On the evening of January 12, 2025, Anatolii stepped outside his home in Antonivka to close his yard gate. A drone appeared without warning and immediately dropped a munition.
Severely injured and no ambulance
Anatolii suffered severe wounds. His wife Olha, who was standing nearby, sustained a concussion and profound psychological trauma.
No ambulance came — local security situation had put an end to that service. Only the police arrived.
Two days later, surgeons in Mykolaiv told him that he had two options: amputation, or a complex recovery with permanent consequences.
No amputation
Anatolii chose to keep his leg. One leg is now shorter than the other, which has caused spinal curvature and makes walking a daily struggle and working harder still.
"As an athlete, I've always known how to train through pain.

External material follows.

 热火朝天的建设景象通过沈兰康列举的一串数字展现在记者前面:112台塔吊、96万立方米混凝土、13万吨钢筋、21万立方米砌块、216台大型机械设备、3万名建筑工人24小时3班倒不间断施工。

Now, every step is a different kind of competition — a daily battle to move, to work, and to reclaim the man I was before the strike."

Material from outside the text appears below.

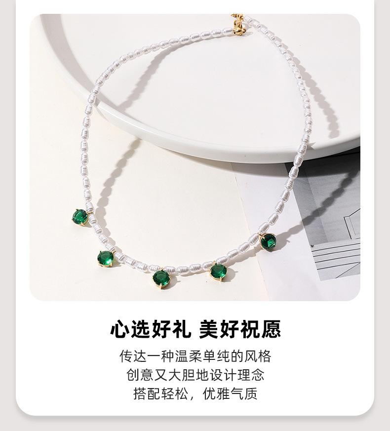 Fabricante de Joyería Transfronteriza Personalizada Collar de Piedra Natural Estilo Frío Cadena Clavicular de Perla Francesa Diamante Cadena para Suéter

Olha was once again injured in a drone attack on a bus she was travelling in, sustaining a concussion and a traumatic brain injury.
The couple's losses are staggering
All four of the family’s properties — their home, their daughter's house, their parents' house, and their summer cottage — have all been destroyed. Their vehicles have also been destroyed, with one drone-struck right outside their own gate.

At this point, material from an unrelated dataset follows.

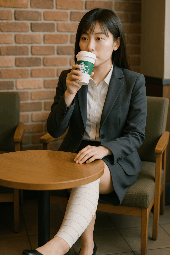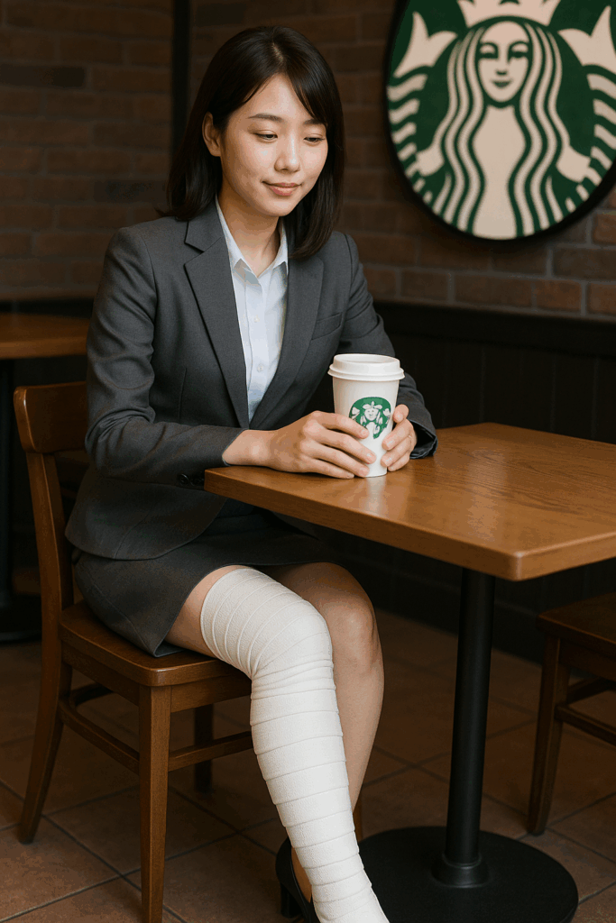 さらに続けて、昼休みにスタバで休憩させると、最初は、包帯の足が逆?巻かれ方が不十分で

The family of five fled with little more than their documents and some savings.
Starting from zero
The couple have relocated to Mykolaiv, where they now live on the ninth floor of a building with unreliable elevators — a particular hardship given Anatolii's condition. Physical rehabilitation through HI has begun, though they wish they had accessed it sooner.
"Our greatest wish is to return home, to rebuild our lives in the place where we lived with love and leave everything behind for our children. We dream of peace", says Anatolii
Anatolii's disability pension is insufficient to cover the family's housing and living costs. They are, in their own words, starting from zero.
This project: Strengthening the capacities and resilience of mine action actors and conflict-affected populations towards explosive ordnance contamination in the East, Northeast, and South of Ukraine – Phase 2 (2026) builds on the previous SDC-funded project from 2024-2025, aiming to reduce the impact of explosive ordnance/explosive weapons (EO/EW) while increasing the resilience of at-risk communities.